Chemical reactions at interfaces are of the fundamental and practical scientific interest.
They sometimes exhibit both unusual kinetics and new phases that are unstable in the bulk.
There are considerable differences between the ways oxidation develops in various materials.
One commonly cited example is the surface of solid aluminum.
Although the oxidation of Al is rather rapid in the presence of even trace amounts of molecular oxygen,
the formation of a relatively thin surface oxide layer effectively passivates the bulk from further oxidation.
By contrast, oxidation of metals like Fe proceeds well into the bulk.
In spite of the fact that the free surfaces of liquid metals have recently attracted considerable attention
because of the atomic ordering at the liquid-vapor interface [reference]
there have been very few studies of their reactive properties.
Oxidation of such surfaces are of particular interest because they lack the types of defects
at which homogeneous nucleation occurs on solid surfaces namely steps, pits and dislocations.

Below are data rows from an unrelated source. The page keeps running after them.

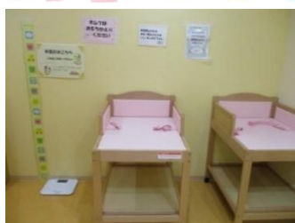
おむつ替えコーナー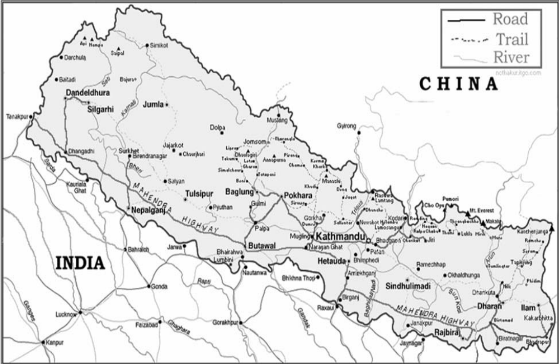
Annexe 1 : cartes du Népal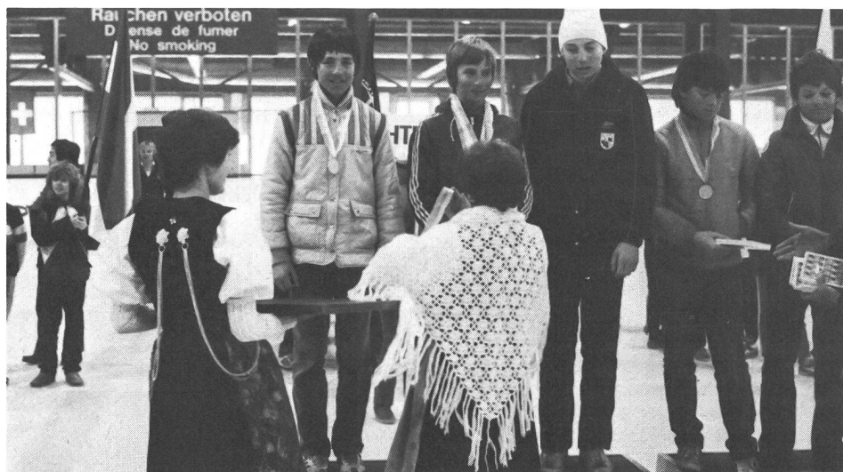
«Medaillensegen» auf dem Treppchen. Spiel, Prestige oder Triumph des Gegeneinander?

Und da scheint doch ein ehrlicher Ansatz zu sinnvoller Förderung junger Skitalente zu sein. Auch der Schweizerische Skiverband hat die Zeichen für einen kindgemässen Leistungssport erkannt. ■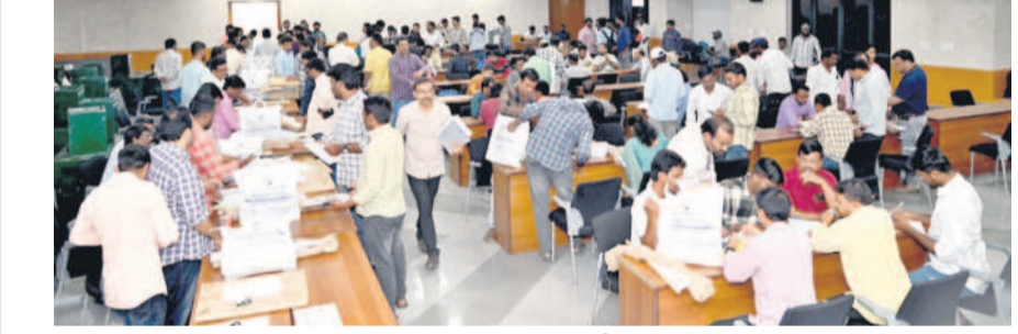
ఆసిఫాబాద్లో ఎన్నికల సామగ్రిని పంపిణీ చేస్తున్న అధికారులు

In addition, surface oxidation of liquid metals can drastically change the surface tension
which will have a profound effect on the way the liquid metal wets different surfaces.
This is important for practical processes such as soldering, brazing, casting etc.

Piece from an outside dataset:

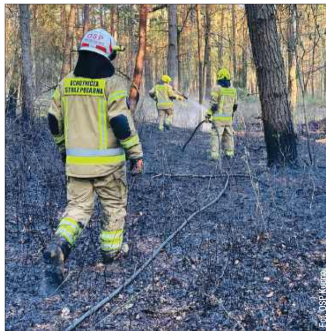
Do dwóch pożarów lasu doszło w Porębach Kupieńskich.

morowie, gdzie pomagali policji oraz pogotowiu ratunkowemu. Następnie, o 14:27, w sąsiedztwie obwodnicy od Zarębek w stronę Raniżowa doszło do pożaru suchej trawy i nieużytków. kz

The only two liquid metals for which the structure of the surface oxide has been studied
by x-ray scattering technique are In and Ga, which were found to behave differently.

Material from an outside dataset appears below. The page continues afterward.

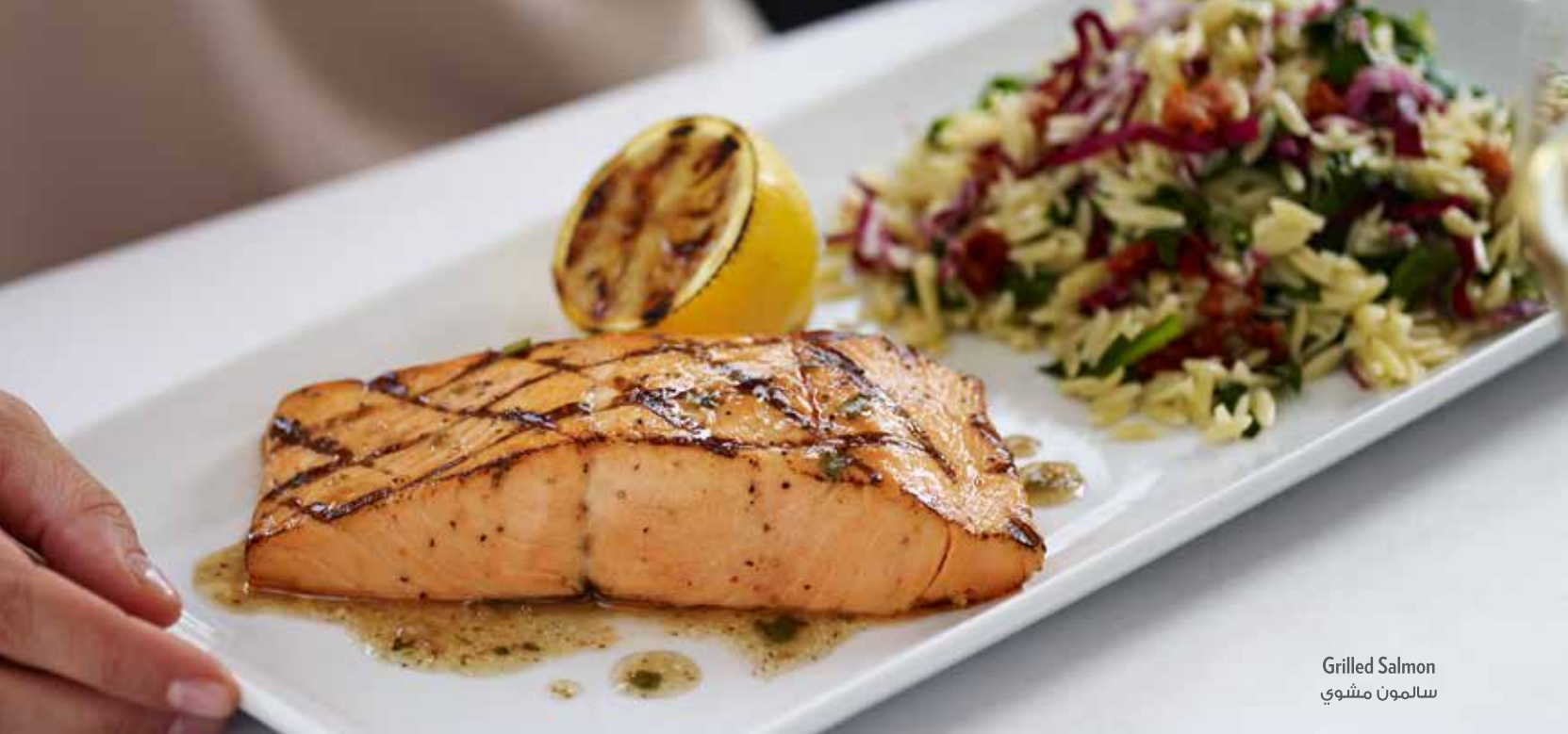
Grilled Salmon سالمون مشوي

Oxidation of the liquid Ga surface is similar to that of solid Al in that it saturates at a 5 Å depth
to form a uniform layer protecting the metal from further oxidation.
By contrast, oxidation of liquid In produces a rough oxide film from which there is negligible
x-ray reflectivity signal.
Grazing incidence diffraction (GID) of the Ga surface oxide did not reveal any Bragg peaks,
indicating that this oxide is amorphous.
A direct comparison with In is not possible since GID measurements were not done for the surface oxide to date.
Outline
Surface oxidation study is important because of:
Corrosion study (oxidation penetration depth study)
New surface phase formation is possible
Surface tension and Wetting properties modification due to surface oxidation (liquid specific)
Kinetics and morphology of a surface oxidation (oxidation rate, nucleation, epitaxial growth)
Chemical reactions (oxidation as an example) at liquid surfaces (especially liquid metals) have never been a subject
of a systematic study, thus there are some questions:
We already know that at some surfaces (liquid Ga) oxidation does not go deep into the bulk whereas an
oxide dissolves well in the bulk of liquid Potassium.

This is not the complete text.